Recorded data:
===============

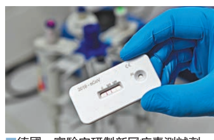
德國一實驗室研製新冠病毒測試劑。

世衛前日表示，新型冠狀病毒比2009年全球大流行的甲型H1N1流感病毒還要致命10倍，強調必須要有疫苗才能完全阻斷傳播。 世衛表示，甲型H1N1流感是2009年3月在墨西哥與美國首度發現，造成1.85萬人死亡，但《刺針》醫學期刊估計，當年疫情總死亡人數介於15萬至57萬之間。 甲型H1N1流感在2009年6月宣告為全球大流行，在2010年8月結束，結果沒有一開始預期的致命。當時全球各國趕緊研發疫苗，但在西方國家，
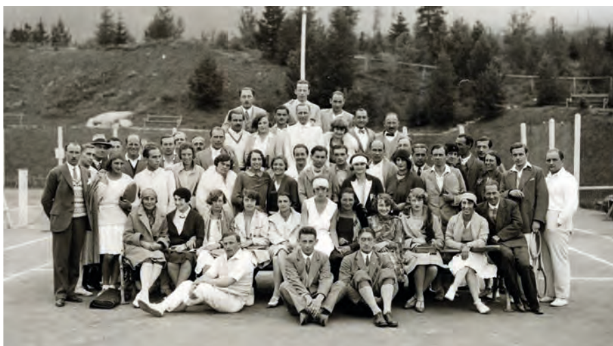
Medzinárodný turnaj v tenise Karpatského spolku vo Vysokých Tatrách (1928)
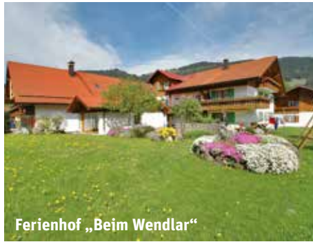
Ferienhof „Beim Wendlar“

Bei Bauernhofbesichtigungen, können die Kinder mal beim melken, beim Kälber tränken, beim Schweine füttern, beim Mähen oder bei der Heuernte zuschauen oder gar mit Hand anlegen.
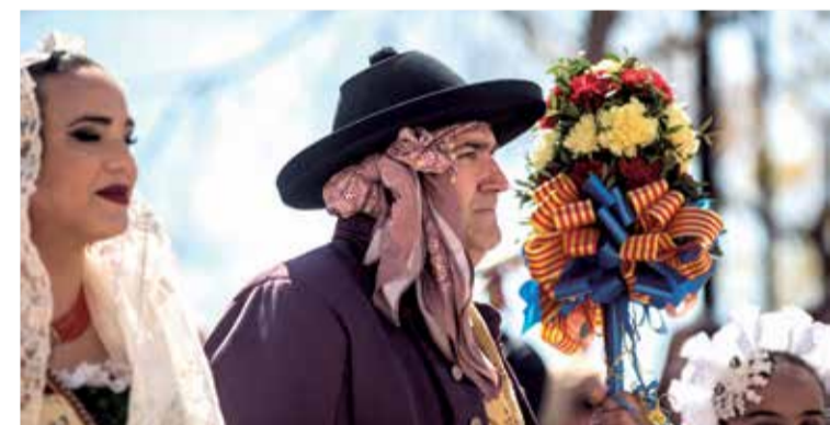
Imatges de diferents moments de les Falles 2023 a Sagunt.
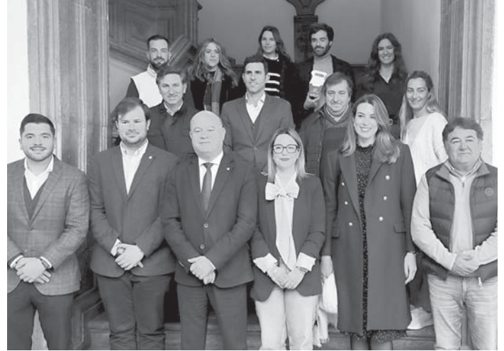
Presentación de la cabalgata con los colaboradores VIVA

El Heraldo Real les echará una mano por la mañana recogiendo las cartas de pequeños y mayores en su clásico coche descapotable que partirá desde la Plaza del Coso Viejo, pasando por Tintes, Medidores, Lucena, San Agustín e Infante Don Fernando hasta llegar al consistorio. Para tal fin, el Ayuntamiento ha editado unas 3.000 cartas que se han repartido entre los colegios de la ciudad y anejos. También se pueden conseguir en las exposiciones de Santa María y del Ayuntamiento. "Estamos ante uno de los eventos más bonitos y
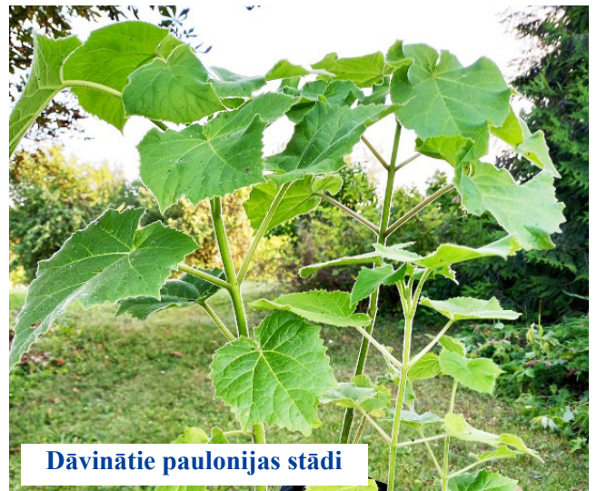
Dāvinātie paulonijas stādi
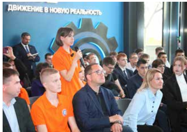
Студенты интересовались всеми аспектами жизни пилотов...

Речь зашла о выборе молодёжи — поступать в челнинский вуз или ссуз или учиться в других городах. Тема весьма актуальна и для нынешних гостей-сту-
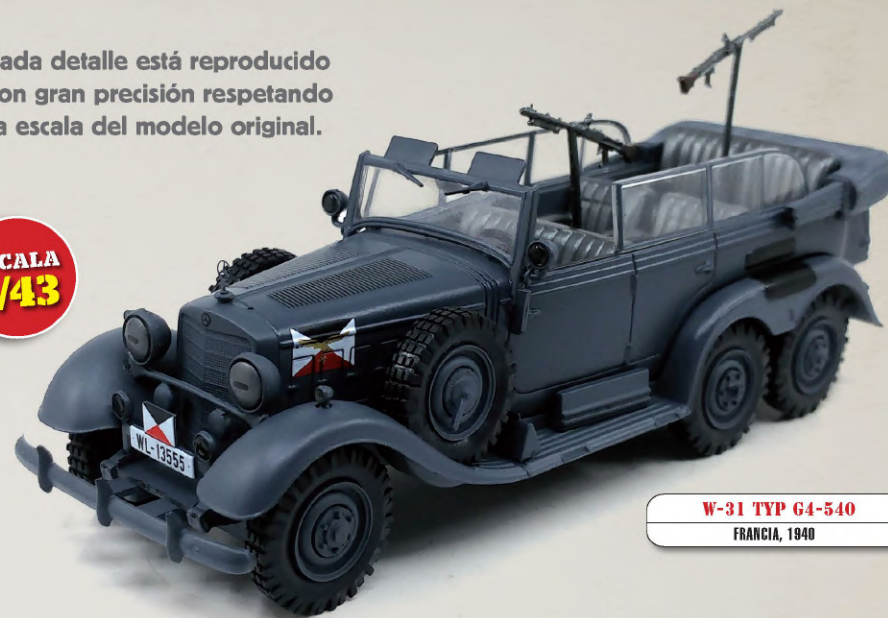
W-31 TYP G4-540 FRANCIA, 1940
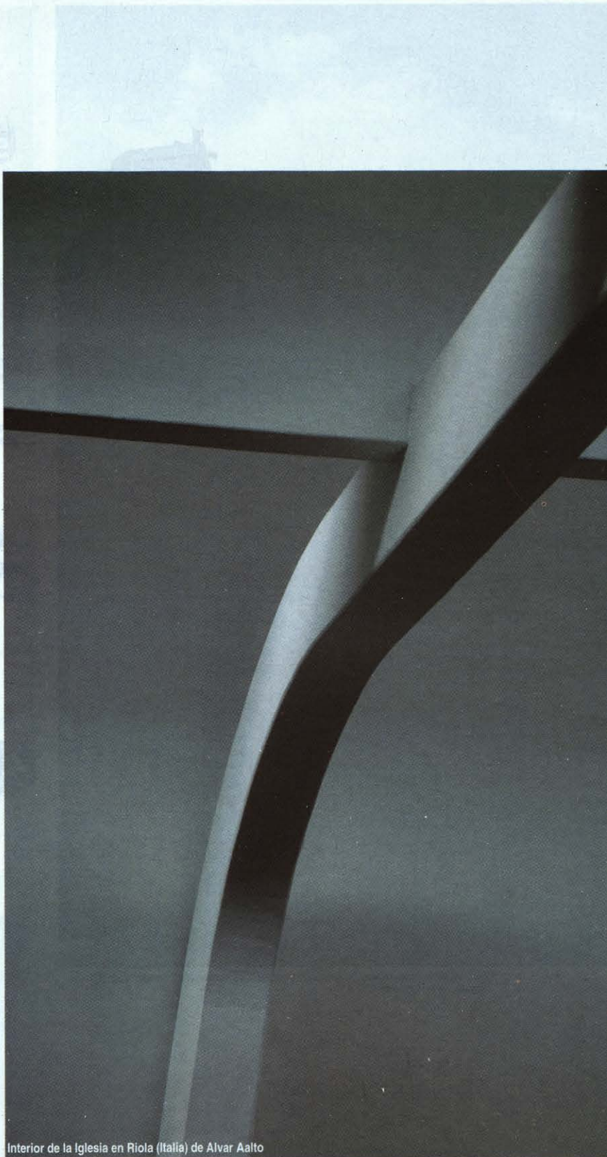
Interior de la Iglesia en Riola (Italia) de Alvar Aalto

Dada la extraordinaria oferta de formas arquitectónicas vigentes, la multiplicidad de actitudes de los propios arquitectos ante la concreción de su posible poética y la diversidad de opciones religiosas y su cambiante evolución, es seguramente a la autoridad religiosa a la que le toca elegir, proponer (el programa correcto, el arquitecto adecuado, el objetivo pertinente). En lo que más nos afecta –la elección del arquitecto–, con demasiada frecuencia parece observarse que no recae en la persona más capacitada. Como tampoco parece serlo quien elige. Para este último problema quizás sea buen remedio pedir consejo a quien puede darlo. Para la primera dificultad, una solución estaría en el ejercicio de la autocrítica. ¿Quién se considera suficientemente capaz de afrontar la responsabilidad de proyectar la iglesia? ¿Y de tener la fuerza moral suficiente para contribuir, con su propio proyecto, a la construcción de la iglesia?
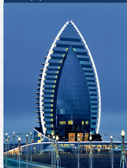
Hôtel Yyldyz, Turkménistan
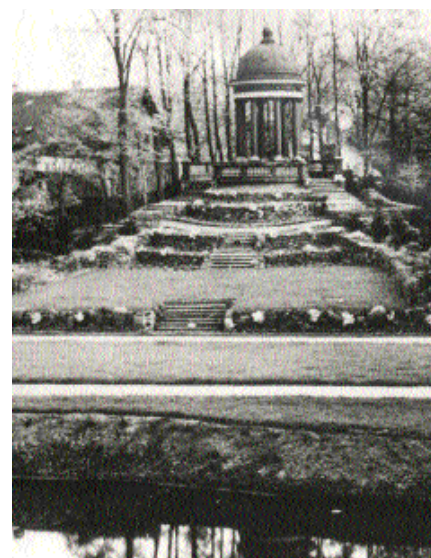
„Antiker Säulentempel“ um 1930 - er stand auf dem Platz der späteren Freilichtbühne
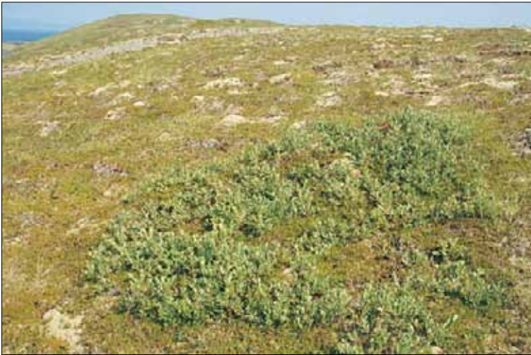
H1e Tørr lynghei, røsslyng-heigråmose-lav-utforming: med røsslyng Calluna vulgaris , krekling Empetrum nigrum coll. og heigråmose Racomitrium lanuginosum , og ørevier Salix aurita , her et tegn på begynnende gjengroing. Sør-Trøndelag, Bjugn, Asenøy, 1988. SB, O3.

m bråtestarr Carex pilulifera vanlig arve Cerastium fontanum ssp. vulgare skrubbeær Cornus suecica flekkmarhånd Dactylorhiza maculata knegras Danthonia decumbens smyle Deschampsia flexuosa krekling Empetrum nigrum coll. lyngøyentrøst Euphrasia micrantha rødsvingel Festuca rubra ssp. rubra geitsvingel Festuca vivipara hårsveve Hieracium pilosella kystgriseøre Hypochoeris maculata tiriltunge Lotus corniculatus markfrytle Luzula campestris engfrytle Luzula multiflora ssp. multiflora hårfrytle Luzula pilosa stormarimjelle Melampyrum pratense
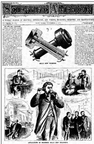
A telefon bemutatása (Az Amerikai Tudomány című folyóirat 1877. október 6-i címlapján)

Ha ma már csak mosolygunk is a félkilós készüléken, annak ekkor felismert jelentősége beigazo-
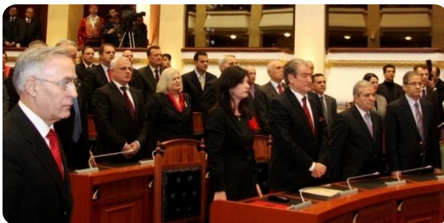
Pogled iz sale u Skupštini Albanije

Poštovana predsednice Skupštine Albanije gospođo Topali, Poštovani predsedniče Topi, Poštovani premijeru Beriša, Poštovani poslanici i poslanice, Albanci ma gde god se nalazili,
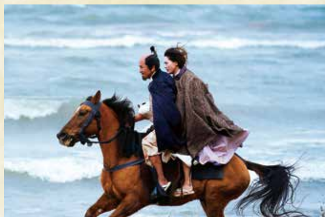
琵琶湖のほつりを駆けるシーン

信長は那古野城、清洲城、岐阜城と移り住んで、最後に造ったのが安土城。その間に家臣がどんどん増えて、家臣の質が変わり、信長と濃姫が背負うものも変わっていった。安土城の築城を現代で例えると、新婚当初1LDKに暮らしていた夫婦が六本木ヒルズを建てるようなものなんです。そうした信長と濃姫の物語にふさわしい城のデザ
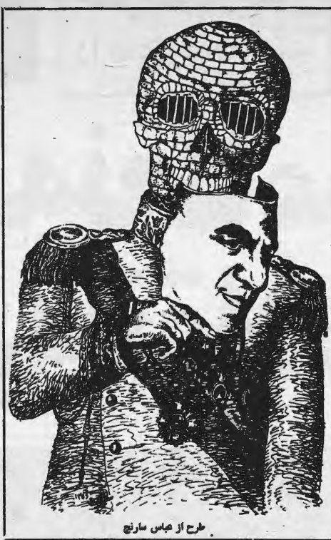
طرح از هانس سارنج

مخبره اول اسفند ۱۳۷۷ مخبره دوم اسفند ۱۳۷۷ مخبره سوم اسفند ۱۳۷۷
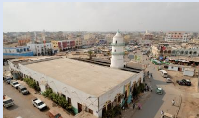
ランボー広場(市内中心部)
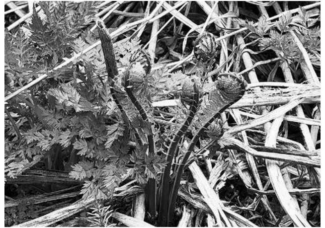
写真8 芦峯寺で採れるクゴミ
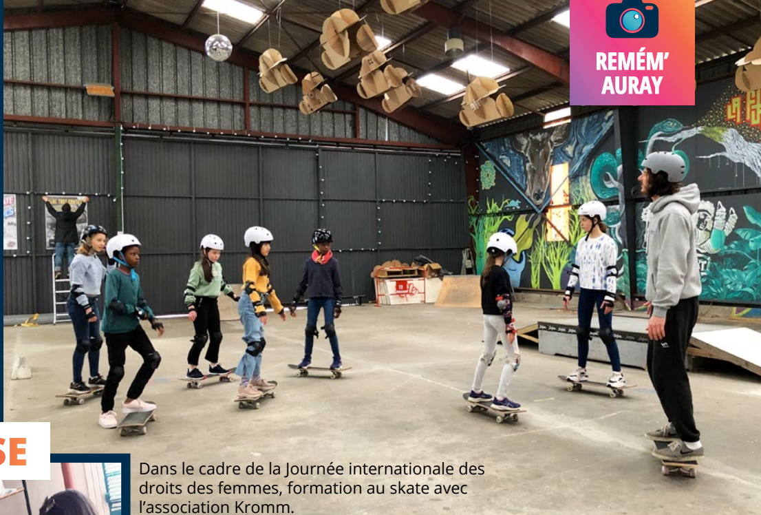
Dans le cadre de la Journée internationale des droits des femmes, formation au skate avec l'association Kromm.
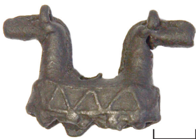
Ил. 35. Могильник Байбалаковский. Подвеска коньковая

Подвеска полая, ажурная, с рельефом. На овальном в сечении основании, состоящем из нескольких рядов горизонтальных валиков,
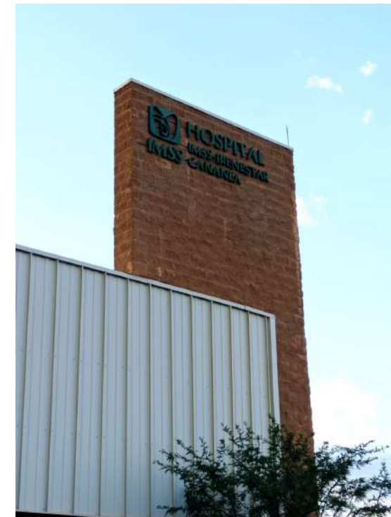
Hospital de Cananea
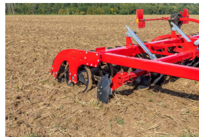
Ideális egyengetés egyengető tárcsákkal és dupla hengerrel kombinálva.
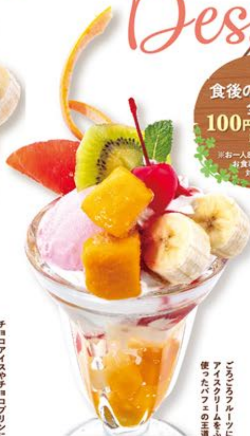
フルーツパフェ 746円(税込820円)

チョコアイスやチョコプリンに コーヒゼリーのほろ苦さが美味しい チョコたっぷりパフェ。

===============

## [PROBLEM TO SOLVE]
Give the lines above again exactly, from the one containing "Bei Bauernhofbesichtigungen, können" to the one containing "Presentación de la", both included, but leave out the pictures.

## [REPLY]
Bei Bauernhofbesichtigungen, können die Kinder mal beim melken, beim Kälber tränken, beim Schweine füttern, beim Mähen oder bei der Heuernte zuschauen oder gar mit Hand anlegen.
Imatges de diferents moments de les Falles 2023 a Sagunt.
Presentación de la cabalgata con los colaboradores VIVA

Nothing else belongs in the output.